• _Source material_:
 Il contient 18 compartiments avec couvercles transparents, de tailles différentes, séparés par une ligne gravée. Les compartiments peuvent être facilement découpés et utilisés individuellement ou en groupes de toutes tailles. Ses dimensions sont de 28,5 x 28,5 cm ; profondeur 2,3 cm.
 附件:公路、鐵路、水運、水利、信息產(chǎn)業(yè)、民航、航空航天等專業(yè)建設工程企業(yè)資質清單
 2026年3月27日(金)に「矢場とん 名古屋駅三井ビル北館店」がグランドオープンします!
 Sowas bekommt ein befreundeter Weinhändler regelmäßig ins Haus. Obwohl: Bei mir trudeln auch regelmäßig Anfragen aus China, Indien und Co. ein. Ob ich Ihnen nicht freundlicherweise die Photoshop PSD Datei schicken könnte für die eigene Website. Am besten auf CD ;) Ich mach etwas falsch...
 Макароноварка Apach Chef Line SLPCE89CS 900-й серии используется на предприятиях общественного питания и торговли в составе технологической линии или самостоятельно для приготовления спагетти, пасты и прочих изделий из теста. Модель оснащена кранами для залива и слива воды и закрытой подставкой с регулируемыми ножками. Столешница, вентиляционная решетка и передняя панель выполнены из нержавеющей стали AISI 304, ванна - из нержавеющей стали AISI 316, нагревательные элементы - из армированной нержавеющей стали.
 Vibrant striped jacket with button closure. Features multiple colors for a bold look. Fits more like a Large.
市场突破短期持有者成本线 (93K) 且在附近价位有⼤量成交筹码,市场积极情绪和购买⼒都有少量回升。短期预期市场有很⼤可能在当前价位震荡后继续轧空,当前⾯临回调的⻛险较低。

---

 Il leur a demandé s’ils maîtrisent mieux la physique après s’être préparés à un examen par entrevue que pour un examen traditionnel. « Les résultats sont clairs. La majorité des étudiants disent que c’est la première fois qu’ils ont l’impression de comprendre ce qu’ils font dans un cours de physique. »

* * *

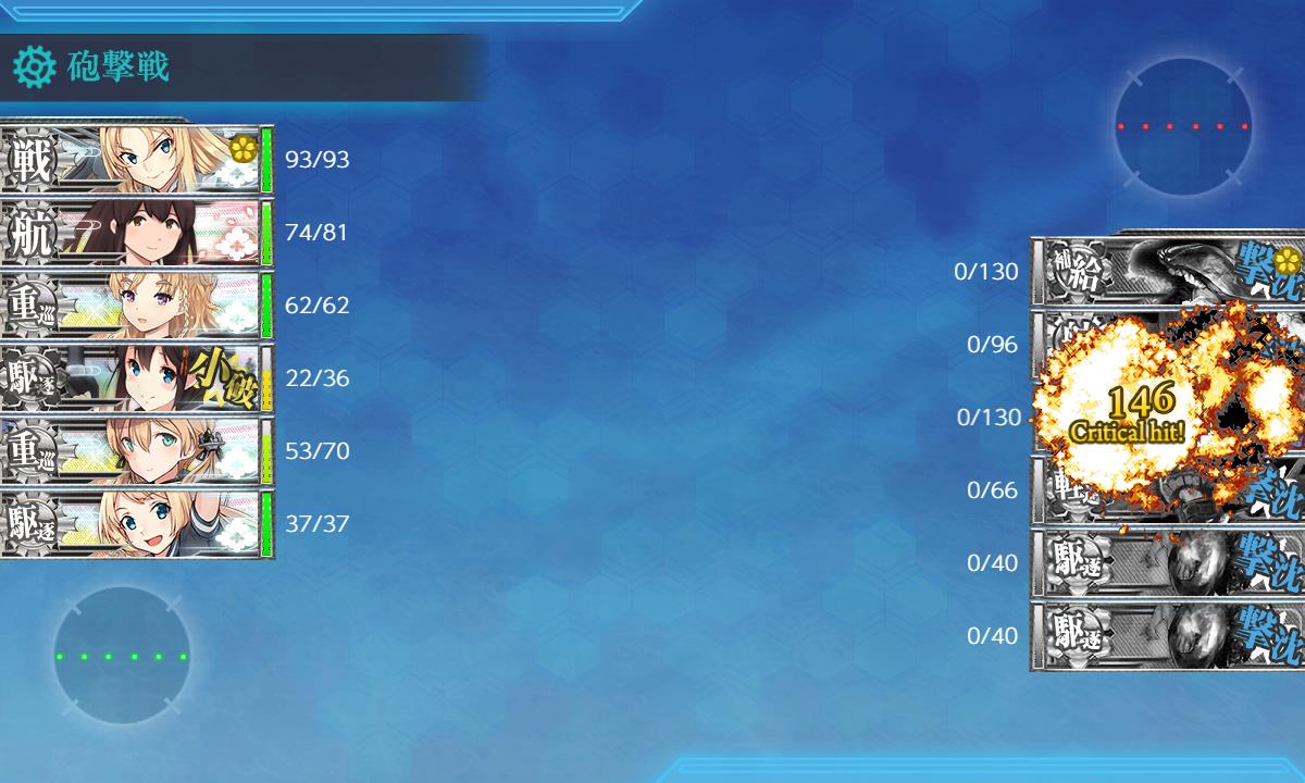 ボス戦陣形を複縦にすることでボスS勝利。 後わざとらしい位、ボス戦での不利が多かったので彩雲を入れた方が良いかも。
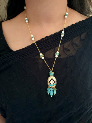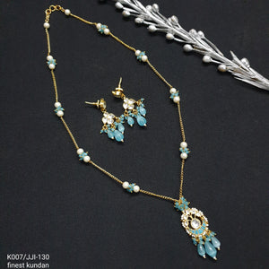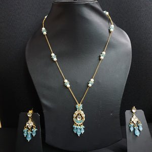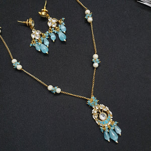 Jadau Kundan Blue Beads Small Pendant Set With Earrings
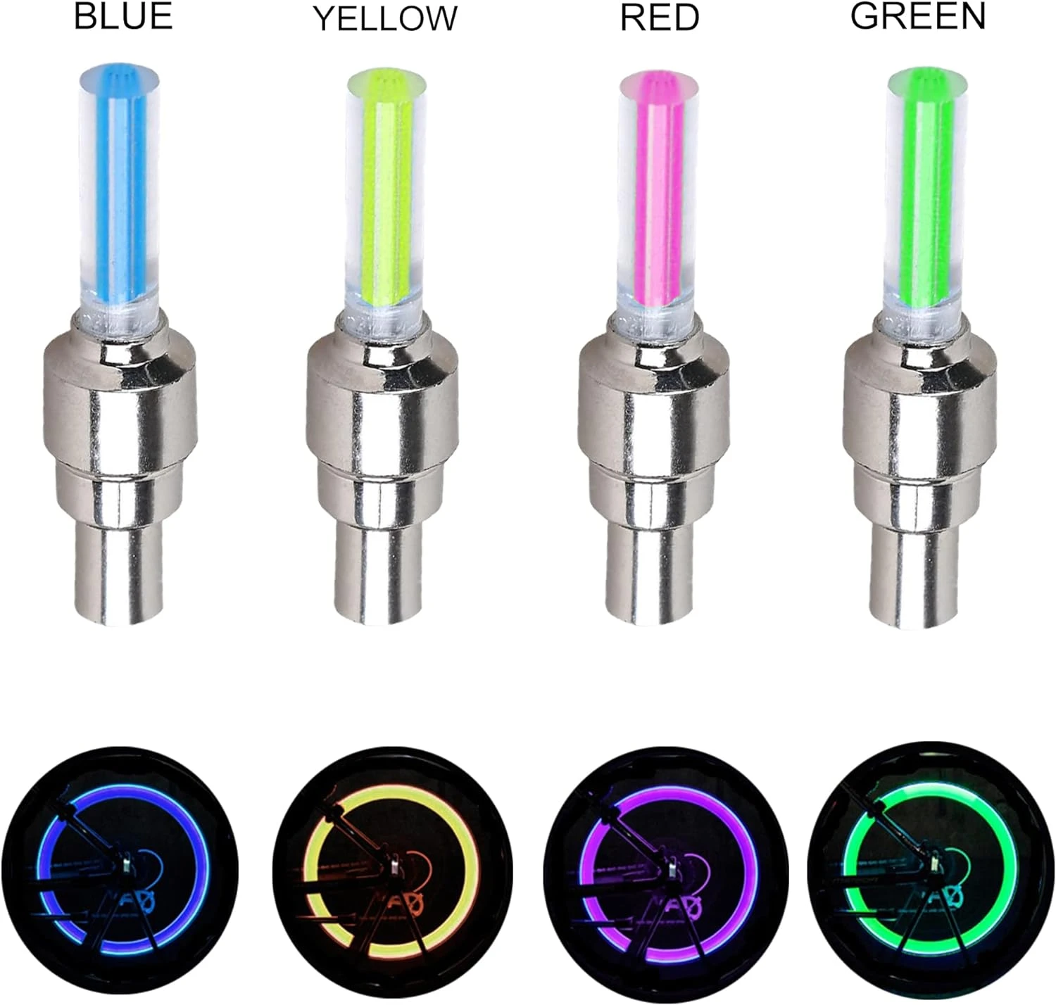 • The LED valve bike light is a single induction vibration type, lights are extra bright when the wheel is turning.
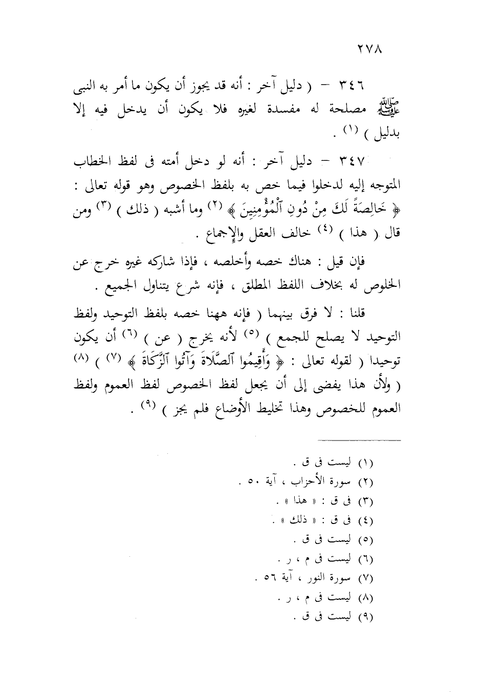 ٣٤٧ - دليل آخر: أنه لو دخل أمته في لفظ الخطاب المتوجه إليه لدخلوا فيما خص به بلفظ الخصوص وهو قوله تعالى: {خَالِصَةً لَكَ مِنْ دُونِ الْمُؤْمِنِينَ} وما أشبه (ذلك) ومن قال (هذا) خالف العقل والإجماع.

• _Problem requirements_:
Show every line of the listing in which the string "être" can be found.

• _The completed task_:
 Il contient 18 compartiments avec couvercles transparents, de tailles différentes, séparés par une ligne gravée. Les compartiments peuvent être facilement découpés et utilisés individuellement ou en groupes de toutes tailles. Ses dimensions sont de 28,5 x 28,5 cm ; profondeur 2,3 cm.
 Il leur a demandé s’ils maîtrisent mieux la physique après s’être préparés à un examen par entrevue que pour un examen traditionnel. « Les résultats sont clairs. La majorité des étudiants disent que c’est la première fois qu’ils ont l’impression de comprendre ce qu’ils font dans un cours de physique. »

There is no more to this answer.